The Phuket Version of Kosher
Special food containers and utensils are set aside solely for use during the festival. In theory, all food should be prepared in the sacred kitchens of the temple. Vendors who sell ghin jeh food, which has been approved and blessed by Tao priests, display a yellow flag with red lettering.
When In Phuket …
If you visit, following the tips below will ensure a safer, more enjoyable experience:
• Wear white. This shows respect and support for participants. Plenty of white T-shirts and other garments are for sale at low prices.

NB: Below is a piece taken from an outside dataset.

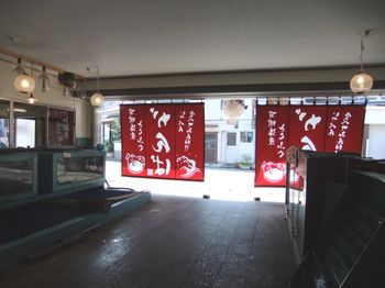 | 島原に着いて、昼食です。島原友の会の方に教えて頂いた海の側の食堂は、大きな水槽が幾つもあり、かにや海老、ひらめ、タイなど魚がたくさん泳いでいました。 |  |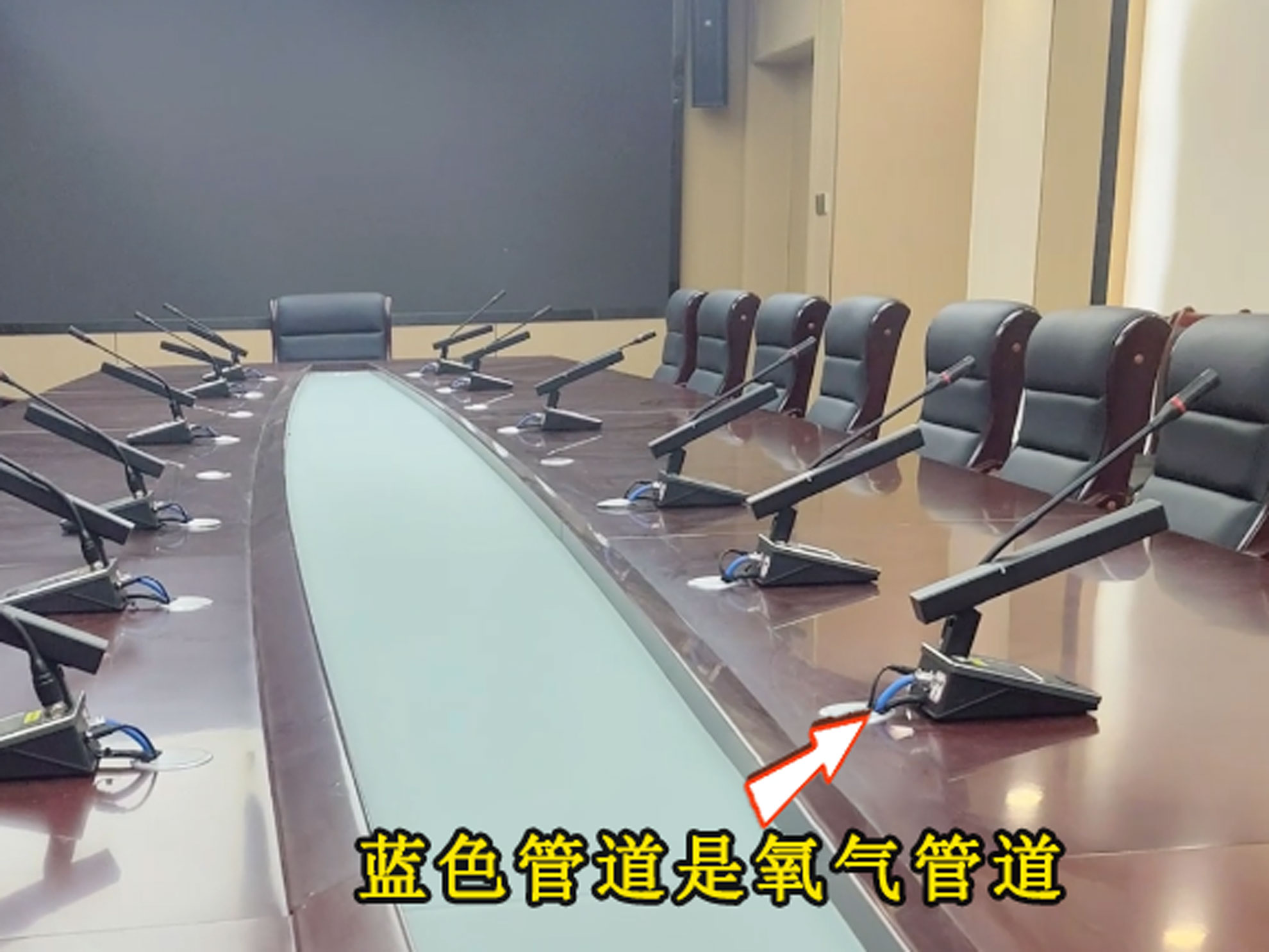 第二套系统则是卓誉独创的桌面话筒供氧系统,体现了功能与设计的巧妙融合。该会议室配备了14个话筒,连接话筒的蓝色管道实则为氧气输送管道,这一创新设计将供氧功能与会议设备无缝对接。尤为贴心的是,桌面话筒供氧系统的出氧口具备灵活调节功能,经过反复测试与优化,确保了开会时讲话声音与氧气出氧声音互不干扰。这一设计既保障了沟通的清晰度,又让每位发言者在畅所欲言的同时,精准获取所需氧气,实现呼吸与表达的和谐统一。

• Pack ear plugs and safety glasses. Small firecrackers go off almost continuously, and the sound is deafening. Safety glasses will protect your sight if you accidentally come too close.
• Take several N95 masks. The firecrackers produce thick smoke that may invite respiratory illnesses.
Finally, conduct yourself as a polite, respectful guest. The rituals in Phuket are in no way revolting to the natives, so those who are squeamish would do better to holiday somewhere else.